Advaxis, Inc., (OTCBB: ADXS), a leader in developing the next generation of immunotherapies for cancer and infectious diseases, has completed a pre-IND (Investigational New Drug) meeting with the FDA on August 10 to discuss the development plan for ADXS-PSA, a construct for the treatment of prostate cancer. The FDA addressed the company's questions and provided guidance on the requirements to file an IND to initiate clinical trials. This IND is expected to be filed before the end of the year.
“The FDA has consistently been very helpful. It is critical for Advaxis to understand the regulatory perspective, and the guidance we have received has improved our development program in many ways”

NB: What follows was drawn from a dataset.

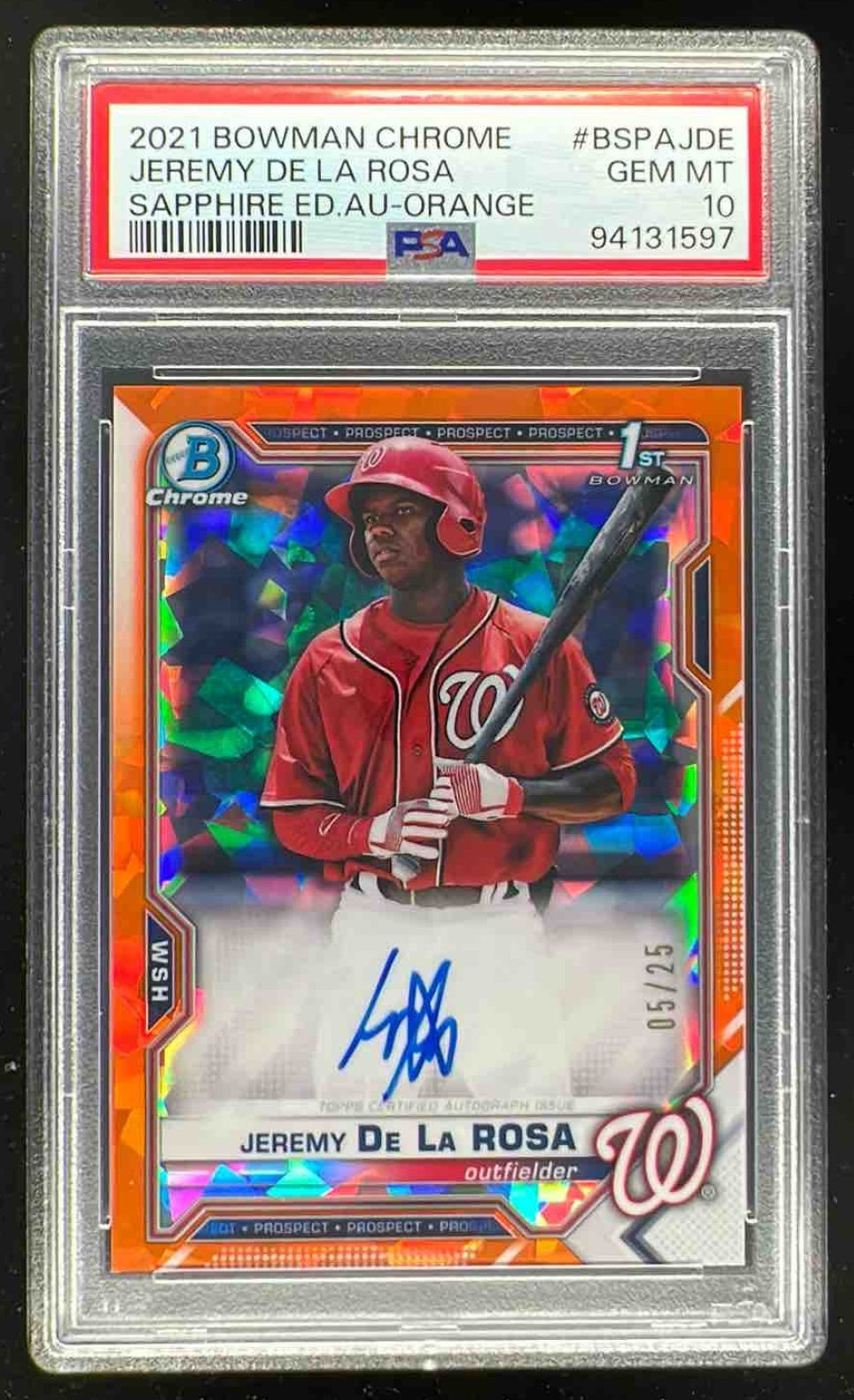 2021 Bowman Sapphire Chrome Orange #BSPA-JDE Jeremy De La Rosa Auto /25 PSA 10

A pre-IND meeting is conducted to develop mutual understanding and agreement between the FDA and the Company regarding the content needed to assess manufacturing, toxicology, pre-clinical and rationale to support a first in humans clinical trial. Based on FDA input, the planned toxicology studies will be completed on schedule for a filing by year end. Once an IND is filed, FDA has 30 days to comment before the Company can begin Phase I trials
"The FDA has consistently been very helpful. It is critical for Advaxis to understand the regulatory perspective, and the guidance we have received has improved our development program in many ways," commented Advaxis Executive Vice President John Rothman. "Because each new construct is based on live attenuated Listeria monocytogenes, every successful interaction with the FDA strengthens the regulatory framework for this entire new class of immunotherapies."